**WHAT YOU WILL DO**
Look below for the line with "Conjunto de joyas" and the line with "这位就是咱们的第二位阅读搭子". Copy exactly those two lines and every line between, but not the pictures.

**INFORMATION SUPPLIED**
* * *

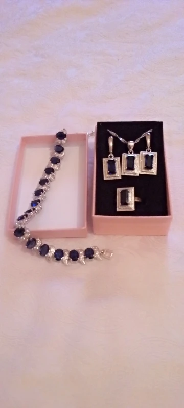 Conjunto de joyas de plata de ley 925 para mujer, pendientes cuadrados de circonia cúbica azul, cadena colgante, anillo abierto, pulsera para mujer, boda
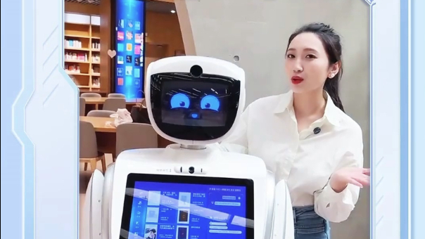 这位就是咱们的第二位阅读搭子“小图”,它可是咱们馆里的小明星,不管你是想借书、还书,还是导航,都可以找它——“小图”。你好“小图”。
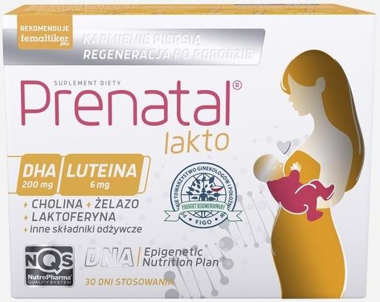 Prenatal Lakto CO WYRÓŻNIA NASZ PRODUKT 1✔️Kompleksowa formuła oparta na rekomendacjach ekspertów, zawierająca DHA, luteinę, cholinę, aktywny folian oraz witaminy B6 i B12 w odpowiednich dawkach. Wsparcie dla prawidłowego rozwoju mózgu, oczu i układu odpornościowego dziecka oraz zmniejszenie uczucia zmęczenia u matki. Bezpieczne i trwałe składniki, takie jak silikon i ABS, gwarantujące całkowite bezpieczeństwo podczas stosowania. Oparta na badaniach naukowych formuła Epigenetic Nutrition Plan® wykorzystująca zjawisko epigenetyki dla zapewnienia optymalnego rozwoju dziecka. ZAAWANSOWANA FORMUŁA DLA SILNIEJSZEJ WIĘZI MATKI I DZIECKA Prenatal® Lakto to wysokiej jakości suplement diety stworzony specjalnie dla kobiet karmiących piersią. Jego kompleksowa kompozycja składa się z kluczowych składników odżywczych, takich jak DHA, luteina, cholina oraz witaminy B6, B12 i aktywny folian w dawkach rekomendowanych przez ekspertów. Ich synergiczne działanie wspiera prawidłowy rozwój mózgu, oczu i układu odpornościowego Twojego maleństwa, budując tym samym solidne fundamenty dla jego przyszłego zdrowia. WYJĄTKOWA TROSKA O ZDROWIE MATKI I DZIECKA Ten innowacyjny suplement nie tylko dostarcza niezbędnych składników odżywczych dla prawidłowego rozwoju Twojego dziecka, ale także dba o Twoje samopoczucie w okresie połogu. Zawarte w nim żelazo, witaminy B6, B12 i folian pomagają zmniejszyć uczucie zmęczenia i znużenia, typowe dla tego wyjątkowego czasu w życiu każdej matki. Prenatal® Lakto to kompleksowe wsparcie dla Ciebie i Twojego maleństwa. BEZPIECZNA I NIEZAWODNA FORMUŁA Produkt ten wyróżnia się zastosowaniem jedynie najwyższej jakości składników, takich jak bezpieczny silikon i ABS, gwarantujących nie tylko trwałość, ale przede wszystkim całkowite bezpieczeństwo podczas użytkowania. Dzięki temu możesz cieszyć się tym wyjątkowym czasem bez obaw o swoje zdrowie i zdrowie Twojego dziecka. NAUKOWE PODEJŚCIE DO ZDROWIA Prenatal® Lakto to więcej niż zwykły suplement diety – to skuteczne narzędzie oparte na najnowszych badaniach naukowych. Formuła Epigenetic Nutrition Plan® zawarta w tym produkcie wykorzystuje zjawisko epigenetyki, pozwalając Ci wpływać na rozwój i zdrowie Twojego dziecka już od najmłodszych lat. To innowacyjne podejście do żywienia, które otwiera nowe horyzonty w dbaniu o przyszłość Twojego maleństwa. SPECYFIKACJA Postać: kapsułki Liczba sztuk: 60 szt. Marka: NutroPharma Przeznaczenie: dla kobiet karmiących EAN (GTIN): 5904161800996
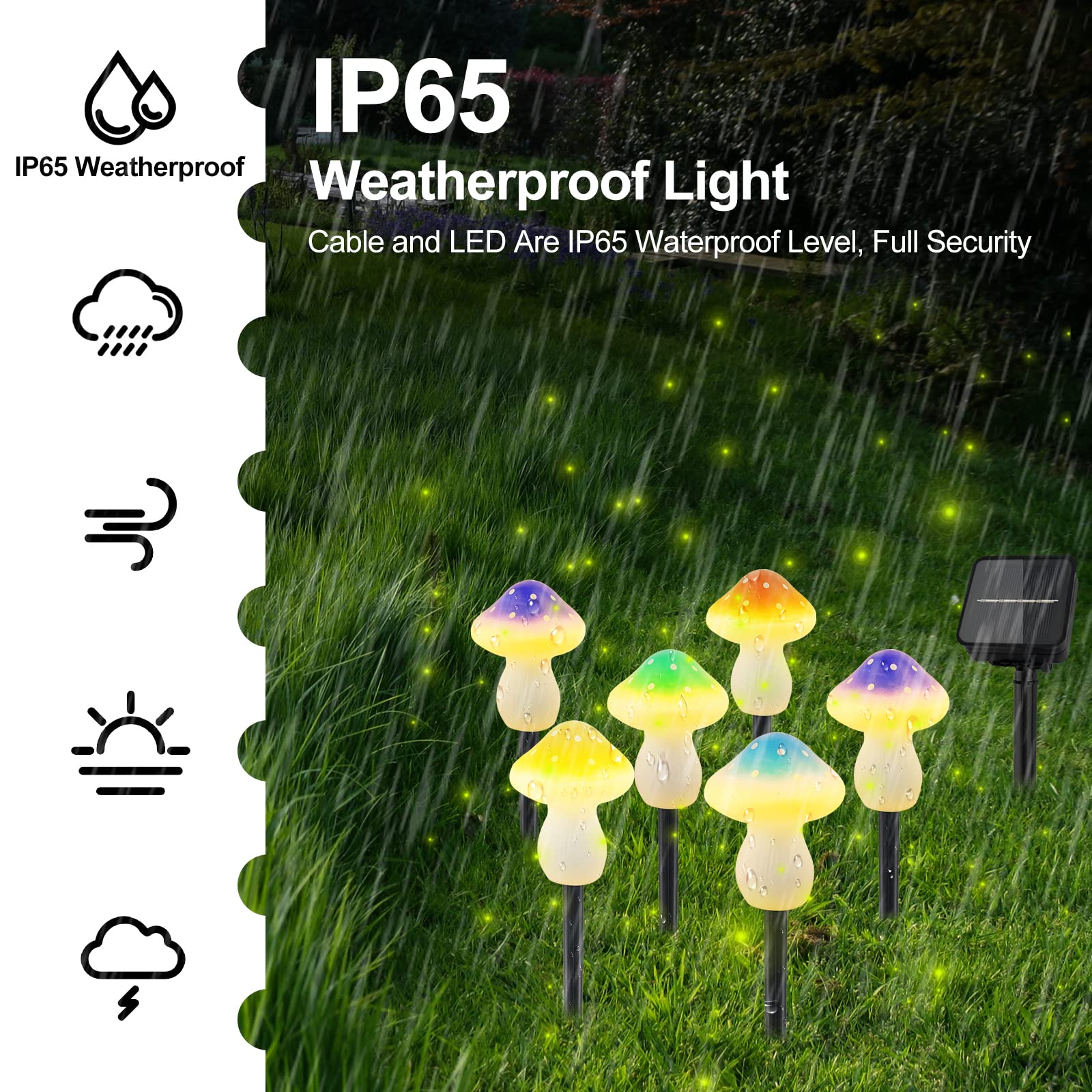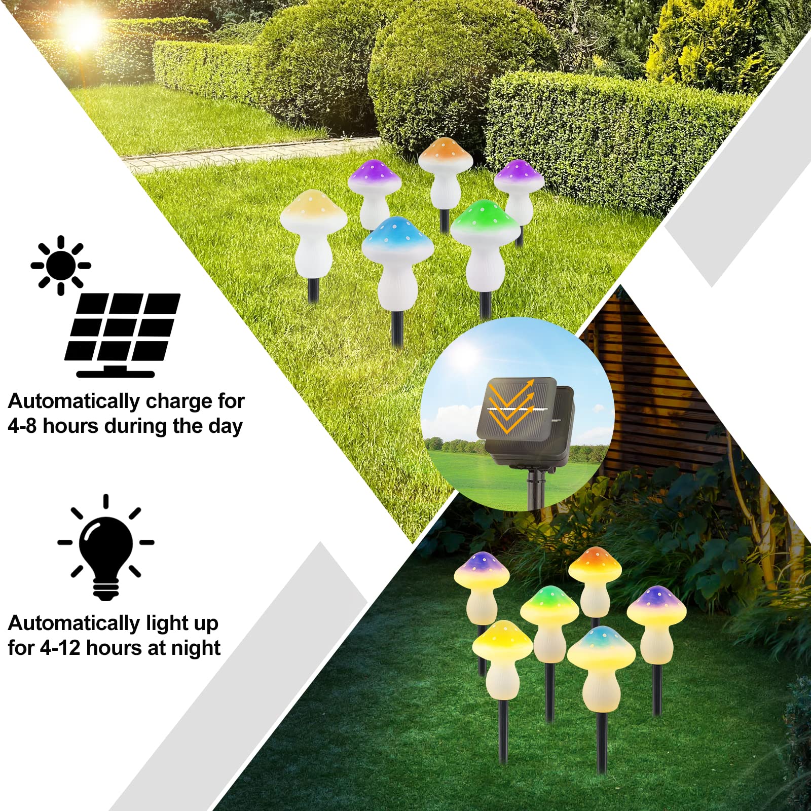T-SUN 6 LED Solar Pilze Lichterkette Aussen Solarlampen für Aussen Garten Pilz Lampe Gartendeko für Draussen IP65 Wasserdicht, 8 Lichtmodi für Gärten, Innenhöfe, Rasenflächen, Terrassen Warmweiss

* * *

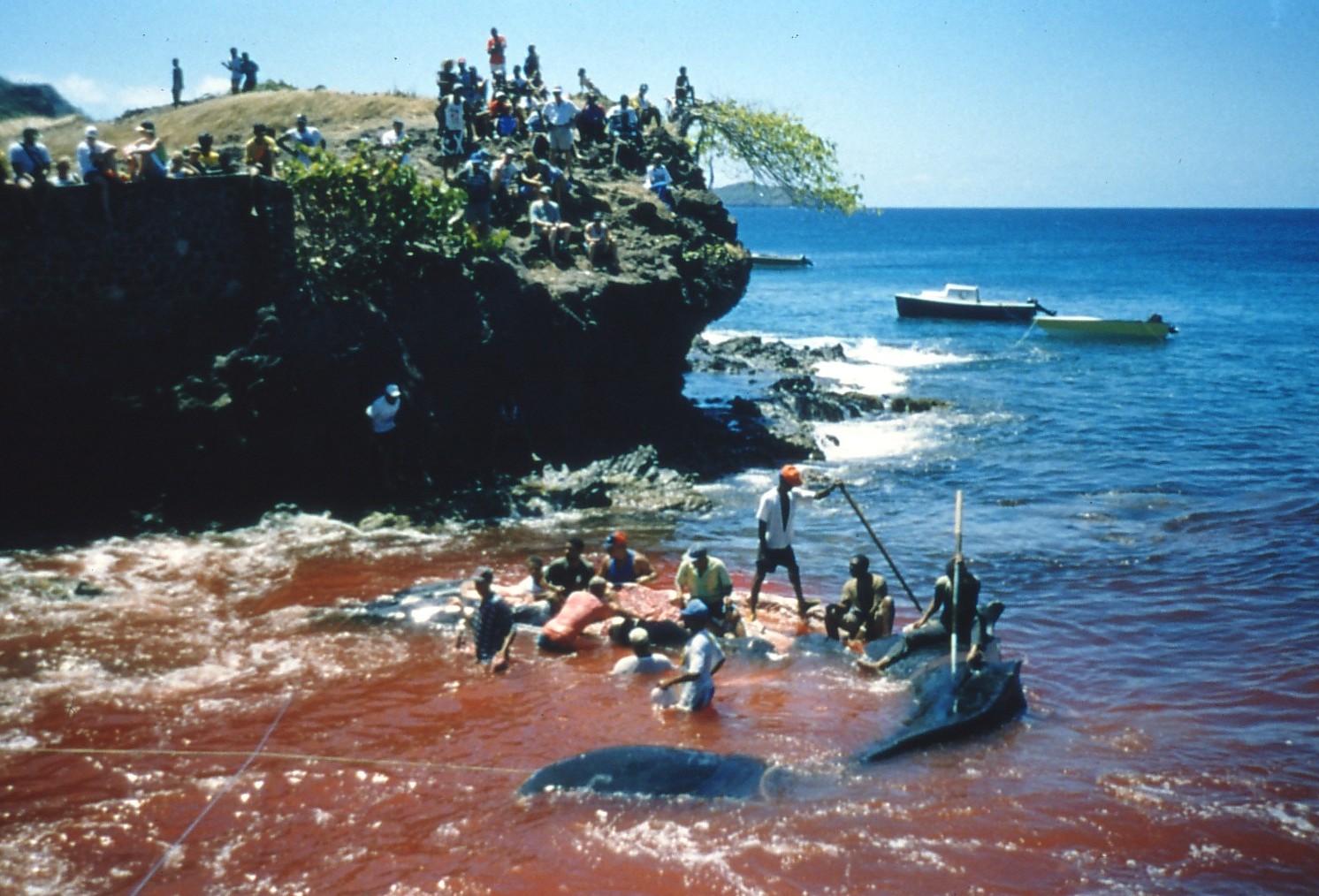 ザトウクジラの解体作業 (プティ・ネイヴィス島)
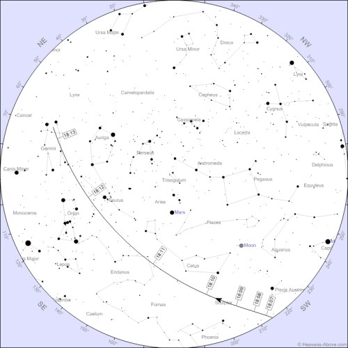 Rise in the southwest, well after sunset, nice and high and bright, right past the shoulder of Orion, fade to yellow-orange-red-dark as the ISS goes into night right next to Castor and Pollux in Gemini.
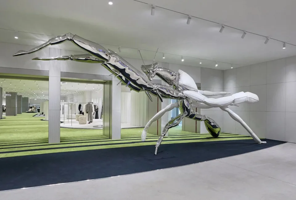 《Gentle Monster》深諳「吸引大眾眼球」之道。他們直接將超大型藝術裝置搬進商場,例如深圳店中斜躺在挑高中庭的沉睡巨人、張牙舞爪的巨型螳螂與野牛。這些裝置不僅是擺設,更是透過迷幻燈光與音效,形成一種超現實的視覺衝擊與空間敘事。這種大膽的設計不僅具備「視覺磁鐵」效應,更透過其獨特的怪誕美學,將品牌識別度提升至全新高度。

* * *

**ANSWER SPACE**
 Conjunto de joyas de plata de ley 925 para mujer, pendientes cuadrados de circonia cúbica azul, cadena colgante, anillo abierto, pulsera para mujer, boda
 这位就是咱们的第二位阅读搭子“小图”,它可是咱们馆里的小明星,不管你是想借书、还书,还是导航,都可以找它——“小图”。你好“小图”。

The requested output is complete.